KBRI

Brinkley, Arkansas; United States;
- Frequency: 1570 kHz
- Branding: Gospel 1570

Programming
- Format: Defunct (Gospel)

Ownership
- Owner: East Arkansas Broadcasters, Inc.
- Sister stations: KTRQ, KWYN (AM), KWYN-FM

History
- First air date: December 21, 1959
- Last air date: October 8, 2013
- Call sign meaning: BRInkley

Technical information
- Facility ID: 67692
- Class: D
- Power: 250 watts (day) 23 watts (night)
- Transmitter coordinates: 34°52′2″N 91°12′4″W﻿ / ﻿34.86722°N 91.20111°W

= KBRI (AM) =

KBRI (1570 AM, "Gospel 1570") was a radio station licensed to serve Brinkley, Arkansas, United States. The station was owned by East Arkansas Broadcasters, Inc.

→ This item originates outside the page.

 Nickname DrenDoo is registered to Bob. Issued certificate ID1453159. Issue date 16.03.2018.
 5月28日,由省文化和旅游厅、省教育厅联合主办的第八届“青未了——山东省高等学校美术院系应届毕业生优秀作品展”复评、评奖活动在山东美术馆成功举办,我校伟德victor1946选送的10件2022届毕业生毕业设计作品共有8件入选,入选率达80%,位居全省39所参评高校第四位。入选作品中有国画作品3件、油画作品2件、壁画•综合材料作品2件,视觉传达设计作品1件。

KBRI broadcast a Gospel music format.

==History==

KBRI was licensed December 21, 1959, to Mason W. Clifton's Tri-County Broadcasting Company as a daytime-only radio station. In 1969, an FM counterpart, KBRI-FM (now KTRQ), was built and launched. In 1995, the Tri-County Broadcasting Company sold the station to East Arkansas Broadcasters.

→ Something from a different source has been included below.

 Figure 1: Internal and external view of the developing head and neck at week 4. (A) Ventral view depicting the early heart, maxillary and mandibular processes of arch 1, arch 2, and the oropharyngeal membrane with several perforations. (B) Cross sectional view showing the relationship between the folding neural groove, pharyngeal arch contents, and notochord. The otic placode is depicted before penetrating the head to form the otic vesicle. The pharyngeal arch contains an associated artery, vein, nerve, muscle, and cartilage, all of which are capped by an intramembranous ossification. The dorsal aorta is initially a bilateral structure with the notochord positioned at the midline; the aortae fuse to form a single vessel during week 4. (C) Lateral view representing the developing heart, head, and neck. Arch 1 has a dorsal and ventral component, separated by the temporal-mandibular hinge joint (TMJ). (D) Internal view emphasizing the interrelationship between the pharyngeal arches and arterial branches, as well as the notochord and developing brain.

Citing financial reasons, KBRI went silent on October 8, 2013, and did not return to the air. East Arkansas Broadcasters surrendered KBRI's license to the Federal Communications Commission (FCC) on February 3, 2015. The FCC cancelled the license the same day. A new station with the KBRI calls, at 104.1 FM from transmitter at Clarendon, Arkansas, was licensed by the FCC in April 2015.